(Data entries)
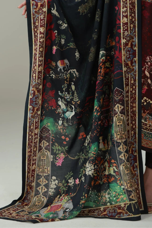 Meena Shawl, made from Premium Viscose, features images of birds and flowers.
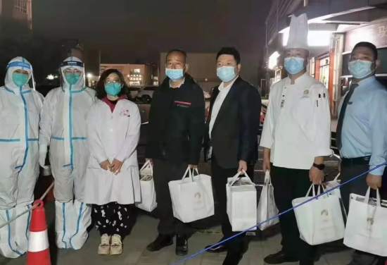 內蒙古女神餐飲娛樂(lè )有限公司黨組織繼24、25日為參與社區核酸檢測的一線(xiàn)工作人員送愛(ài)心餐后,10月29日女神餐飲東河灣店和會(huì )展店繼續為國家和自治區疫情防控專(zhuān)家醫療團隊工作人員配餐;女神金藍港店停車(chē)場(chǎng)被光明路辦事處果園社區設為核酸檢測點(diǎn),酒店為一線(xiàn)工作人員配餐,酒店員工當志愿者幫助開(kāi)展工作;女神錫林南路店為天驕花園核酸檢測點(diǎn)工作人員配餐;女神塞外桃園為和林格爾縣新店子鎮政府和交警隊防控工作人員送去綠色有機食材,為抗疫工作奉獻愛(ài)心貢獻力量。
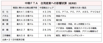 杜経済部長は、韓国にいったん市場を奪われれば、取り戻すのが非常に困難だとして、中韓FTAより大幅に遅れることに危機感を示した。一方、立法院で円滑に承認されるよう、中韓FTAより有利な条件を引き出すと強調した。
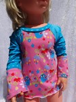 Jersey Langarmshirt "Birdies" mit türkis abgesetzt und Trompetenärmeln
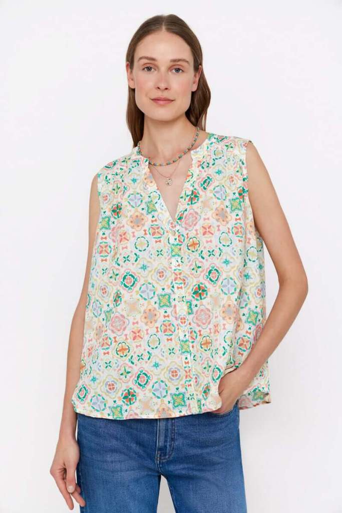 Si buscas una blusa fresquita para diario, desde luego esta opción de Cortefiel es perfecta tanto por su tejido ligero como por su silueta holgada. Con una silueta camisera con manga sisa y cierre frontal con botones ocultos, esta destaca por su colorido y rejuvenecedor estampado de flores. Este es perfecto para llevar tanto con unos pantalones vaqueros cortos como una falda midi de lino. Y, de nuevo, se queda tirada de precio en las rebajas (39,99 euros 9,99 euros).
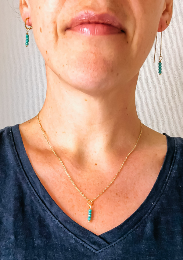 Goudkleurige ketting met kleine turquoise facetsteentjes.
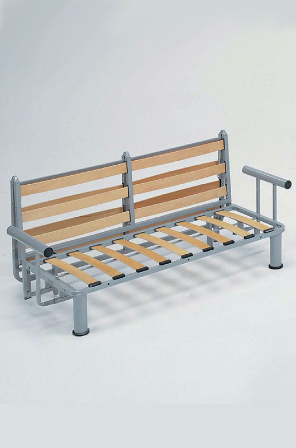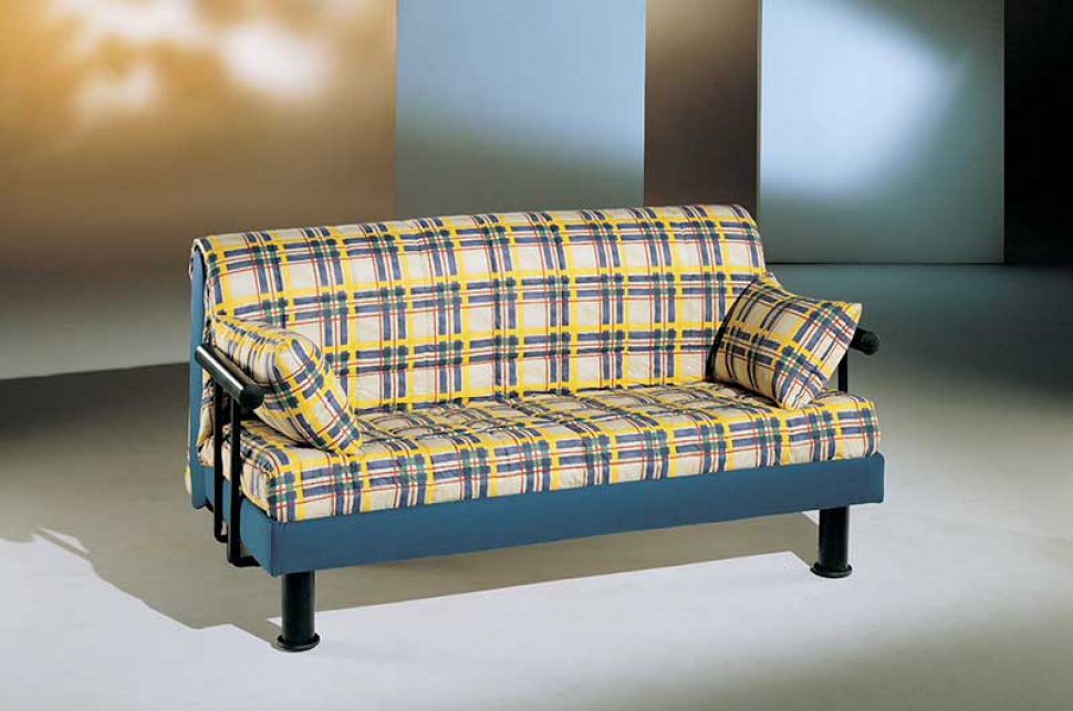 Meccanismo trasformabile in letto mediante la semplice apertura a scorrimento anteriore, dotato sulla base di attacchi per l’inserimento di braccioli e spalliera.
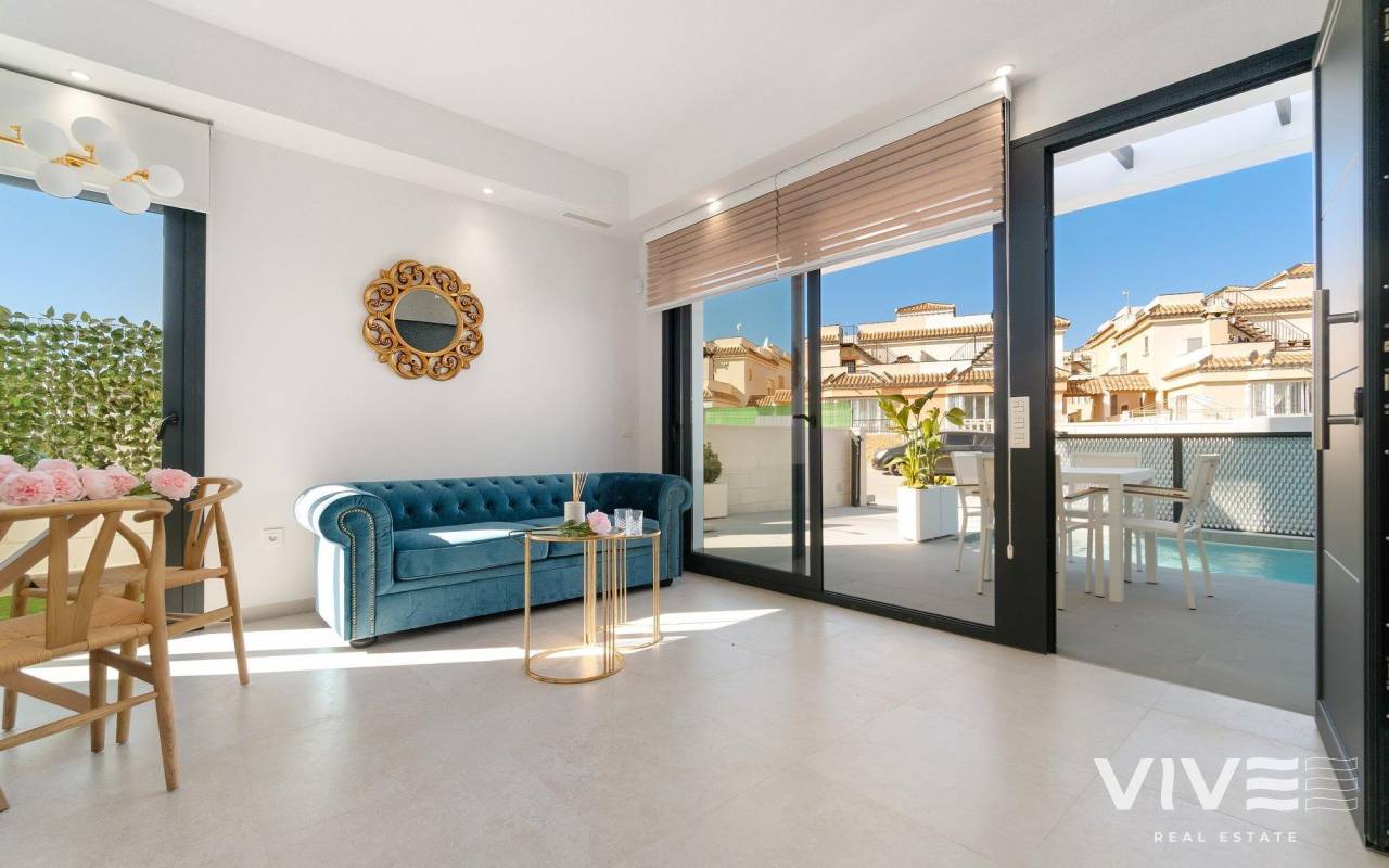 NEU GEBAUTE VILLEN IN LOS MONTESINOS Neubauprojekt in La Herrada (Los Montesinos), in einer privilegierten Lage in der Nähe der besten Strände von Guardamar und mit allen Annehmlichkeiten, die eine große Gemeinde wie Los Montesinos bietet. Dieses Projekt besteht aus 32 Villen, einige als Doppelhaushälften auf 2 Etagen und andere als unabhängige Villen auf einer Etage, die mit der besten Ausstattung geliefert werden, einschließlich Solarium, Badewannenabtrennung, Garten mit Kunstrasen von bester Qualität, dekorativen Gartenelementen und Vorinstallation für Sonnenkollektoren, Steckdose und Türmotor für Fahrzeuge. Villa hat 3 Schlafzimmer, 3 Bäder, offene Küche mit Wohnzimmer, Einbauschränke, Terrasse. Das typische Dorf Los Montesinos ist strategisch günstig gelegen, 10 Autominuten von den Stränden und dem Freizeitangebot von Torrevieja (mit allen Dienstleistungen einer Großstadt: Theater, 2 Krankenhäuser, internationale Schulen, etc.), mehrere Golfplätze und mit einfachem Zugang zur Autobahn A7, um den Flughafen Alicante in 20 Minuten zu erreichen. In der Urbanisation gibt es Supermärkte und Bars für den täglichen Bedarf, es ist eine ländliche und ruhige Umgebung. Das Klima dieser Gegend garantiert 300 Sonnentage im Jahr mit einer Durchschnittstemperatur von 20ºC, was zusammen mit der reichhaltigen Gastronomie und dem kulturellen und sportlichen Angebot der Umgebung diese Gegend zu einem idealen Ort macht, um ein zweites Feriendomizil zu errichten oder einen ruhigen Ort, um dauerhaft zu leben.
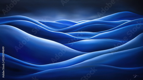 Fototapeta premium A stunning digital artwork featuring fluid, organic blue waves blending...
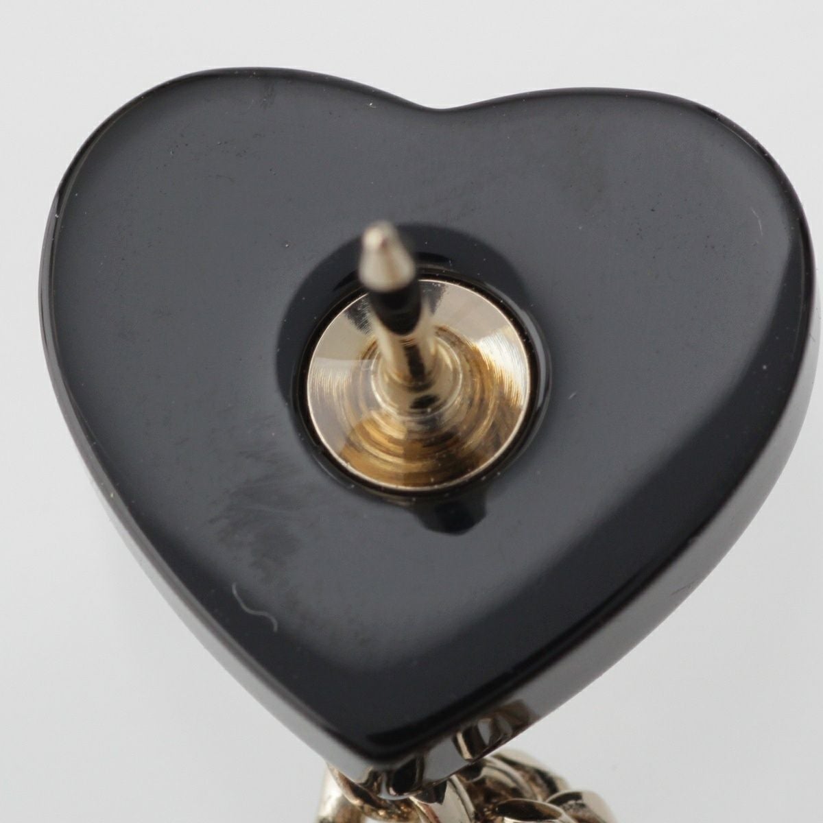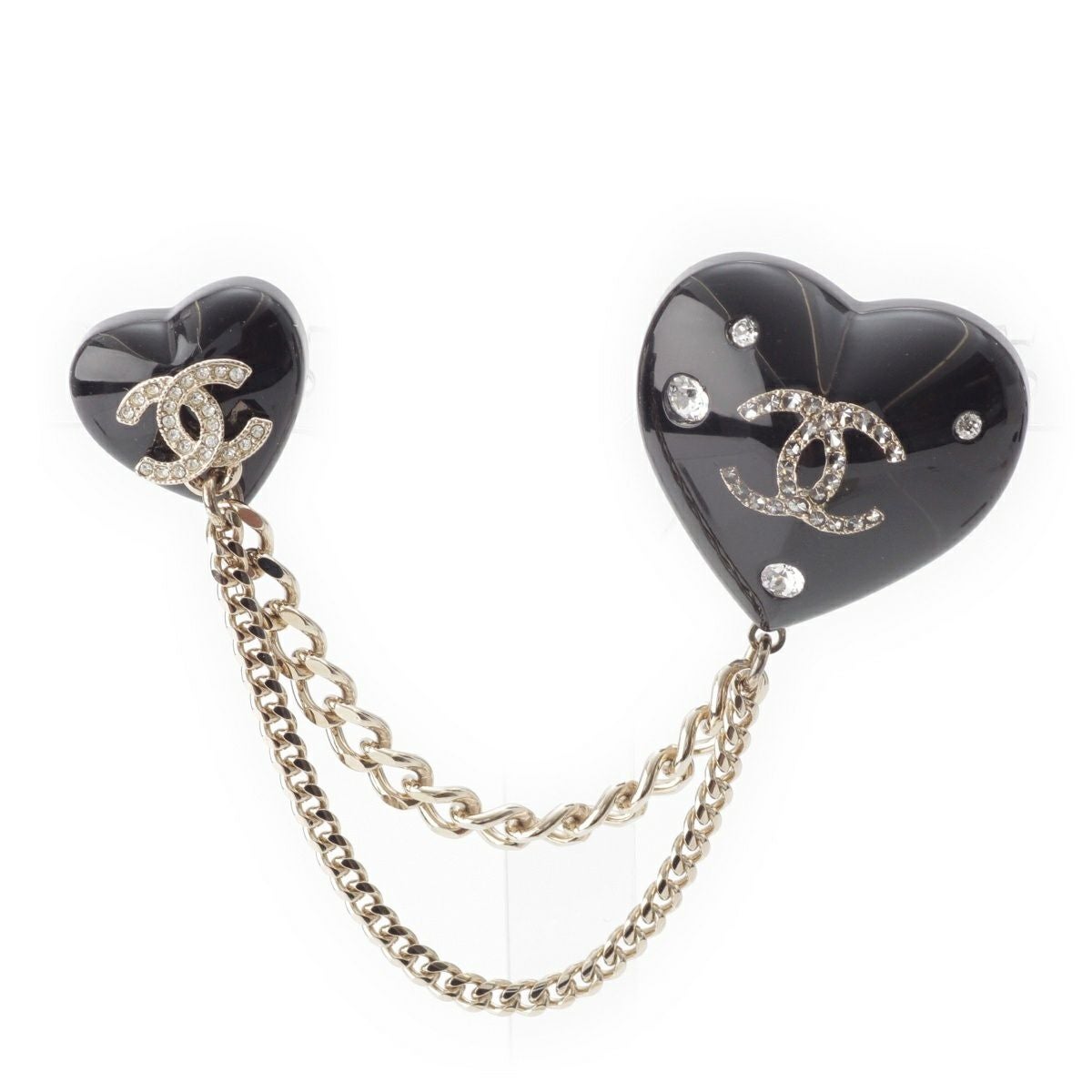 シャネル D22B ココマーク ハート ラインストーン チェーン ピン ブローチ アクセサリー ブラック

> [YOUR INSTRUCTIONS]
Apart from the images, every line above needs to be printed again exactly.

> [RESPONSE TO THIS EXERCISE]
 Meena Shawl, made from Premium Viscose, features images of birds and flowers.
 內蒙古女神餐飲娛樂(lè )有限公司黨組織繼24、25日為參與社區核酸檢測的一線(xiàn)工作人員送愛(ài)心餐后,10月29日女神餐飲東河灣店和會(huì )展店繼續為國家和自治區疫情防控專(zhuān)家醫療團隊工作人員配餐;女神金藍港店停車(chē)場(chǎng)被光明路辦事處果園社區設為核酸檢測點(diǎn),酒店為一線(xiàn)工作人員配餐,酒店員工當志愿者幫助開(kāi)展工作;女神錫林南路店為天驕花園核酸檢測點(diǎn)工作人員配餐;女神塞外桃園為和林格爾縣新店子鎮政府和交警隊防控工作人員送去綠色有機食材,為抗疫工作奉獻愛(ài)心貢獻力量。
 杜経済部長は、韓国にいったん市場を奪われれば、取り戻すのが非常に困難だとして、中韓FTAより大幅に遅れることに危機感を示した。一方、立法院で円滑に承認されるよう、中韓FTAより有利な条件を引き出すと強調した。
 Jersey Langarmshirt "Birdies" mit türkis abgesetzt und Trompetenärmeln
 Si buscas una blusa fresquita para diario, desde luego esta opción de Cortefiel es perfecta tanto por su tejido ligero como por su silueta holgada. Con una silueta camisera con manga sisa y cierre frontal con botones ocultos, esta destaca por su colorido y rejuvenecedor estampado de flores. Este es perfecto para llevar tanto con unos pantalones vaqueros cortos como una falda midi de lino. Y, de nuevo, se queda tirada de precio en las rebajas (39,99 euros 9,99 euros).
 Goudkleurige ketting met kleine turquoise facetsteentjes.
 Meccanismo trasformabile in letto mediante la semplice apertura a scorrimento anteriore, dotato sulla base di attacchi per l’inserimento di braccioli e spalliera.
 NEU GEBAUTE VILLEN IN LOS MONTESINOS Neubauprojekt in La Herrada (Los Montesinos), in einer privilegierten Lage in der Nähe der besten Strände von Guardamar und mit allen Annehmlichkeiten, die eine große Gemeinde wie Los Montesinos bietet. Dieses Projekt besteht aus 32 Villen, einige als Doppelhaushälften auf 2 Etagen und andere als unabhängige Villen auf einer Etage, die mit der besten Ausstattung geliefert werden, einschließlich Solarium, Badewannenabtrennung, Garten mit Kunstrasen von bester Qualität, dekorativen Gartenelementen und Vorinstallation für Sonnenkollektoren, Steckdose und Türmotor für Fahrzeuge. Villa hat 3 Schlafzimmer, 3 Bäder, offene Küche mit Wohnzimmer, Einbauschränke, Terrasse. Das typische Dorf Los Montesinos ist strategisch günstig gelegen, 10 Autominuten von den Stränden und dem Freizeitangebot von Torrevieja (mit allen Dienstleistungen einer Großstadt: Theater, 2 Krankenhäuser, internationale Schulen, etc.), mehrere Golfplätze und mit einfachem Zugang zur Autobahn A7, um den Flughafen Alicante in 20 Minuten zu erreichen. In der Urbanisation gibt es Supermärkte und Bars für den täglichen Bedarf, es ist eine ländliche und ruhige Umgebung. Das Klima dieser Gegend garantiert 300 Sonnentage im Jahr mit einer Durchschnittstemperatur von 20ºC, was zusammen mit der reichhaltigen Gastronomie und dem kulturellen und sportlichen Angebot der Umgebung diese Gegend zu einem idealen Ort macht, um ein zweites Feriendomizil zu errichten oder einen ruhigen Ort, um dauerhaft zu leben.
 Fototapeta premium A stunning digital artwork featuring fluid, organic blue waves blending...
 シャネル D22B ココマーク ハート ラインストーン チェーン ピン ブローチ アクセサリー ブラック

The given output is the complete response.